> **Information**
[Start of Attachment]

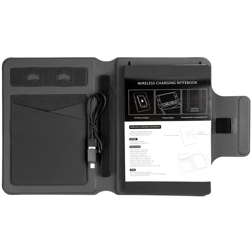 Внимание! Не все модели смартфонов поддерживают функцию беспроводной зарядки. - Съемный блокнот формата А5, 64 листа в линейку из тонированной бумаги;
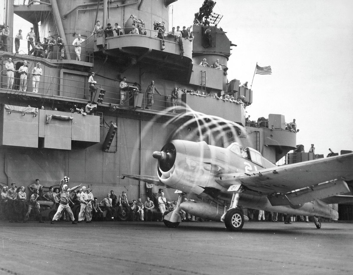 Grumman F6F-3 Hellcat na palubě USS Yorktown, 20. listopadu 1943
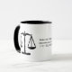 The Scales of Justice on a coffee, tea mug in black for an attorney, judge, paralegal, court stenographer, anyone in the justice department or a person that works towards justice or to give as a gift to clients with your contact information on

[End of Attachment]
[Start of Attachment]

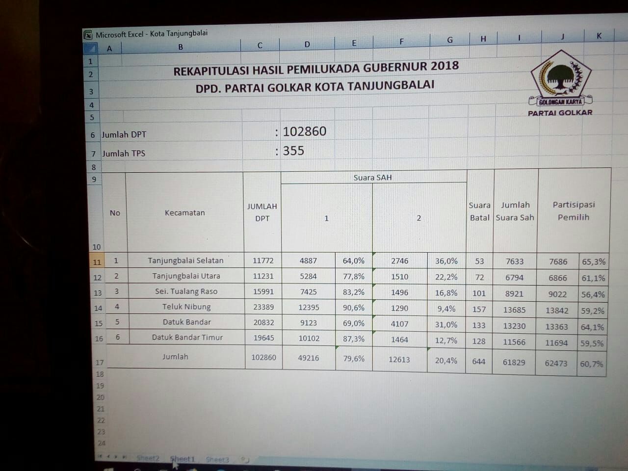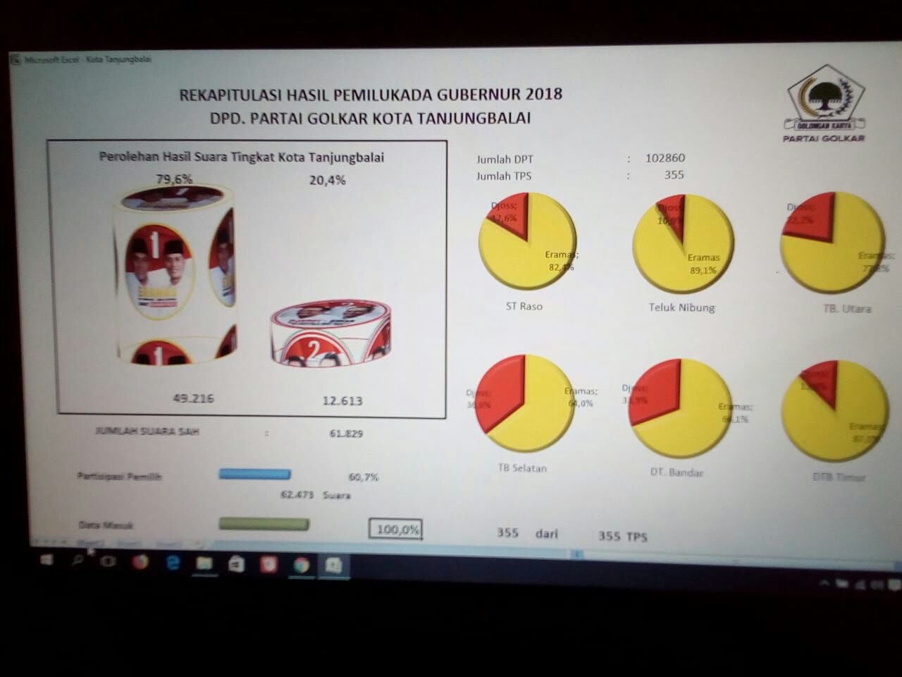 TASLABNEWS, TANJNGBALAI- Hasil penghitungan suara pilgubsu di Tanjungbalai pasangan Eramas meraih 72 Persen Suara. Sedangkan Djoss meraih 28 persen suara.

[End of Attachment]
[Start of Attachment]

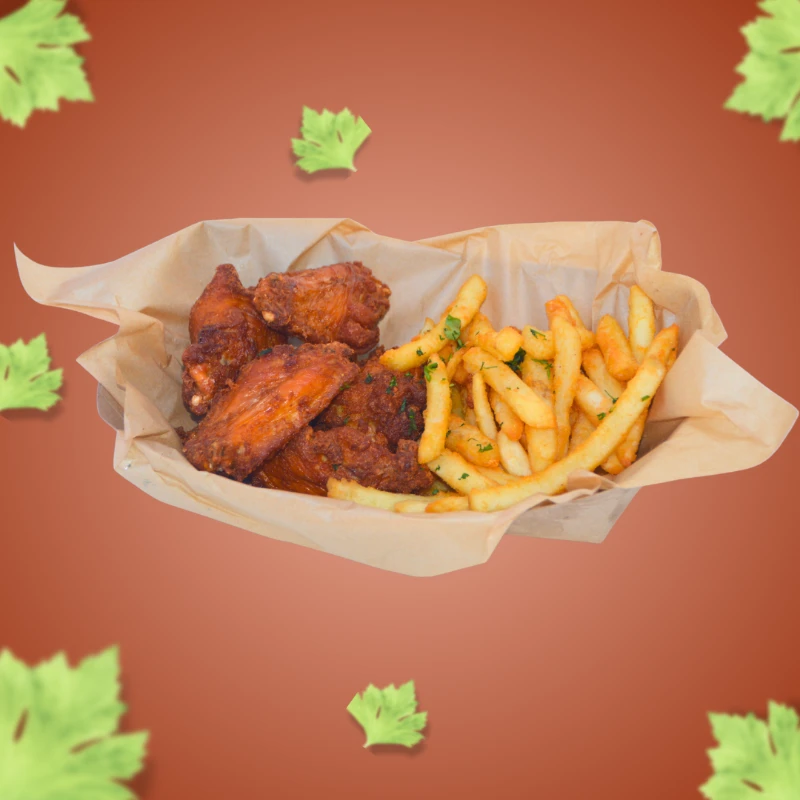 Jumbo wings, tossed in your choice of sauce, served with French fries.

[End of Attachment]

> **How to complete this task**
Skipping every picture, transcribe exactly the lines above from the one containing "Grumman F6F-3 Hellcat" through the one containing "The Scales of", both included.

> **Task response**
 Grumman F6F-3 Hellcat na palubě USS Yorktown, 20. listopadu 1943
 The Scales of Justice on a coffee, tea mug in black for an attorney, judge, paralegal, court stenographer, anyone in the justice department or a person that works towards justice or to give as a gift to clients with your contact information on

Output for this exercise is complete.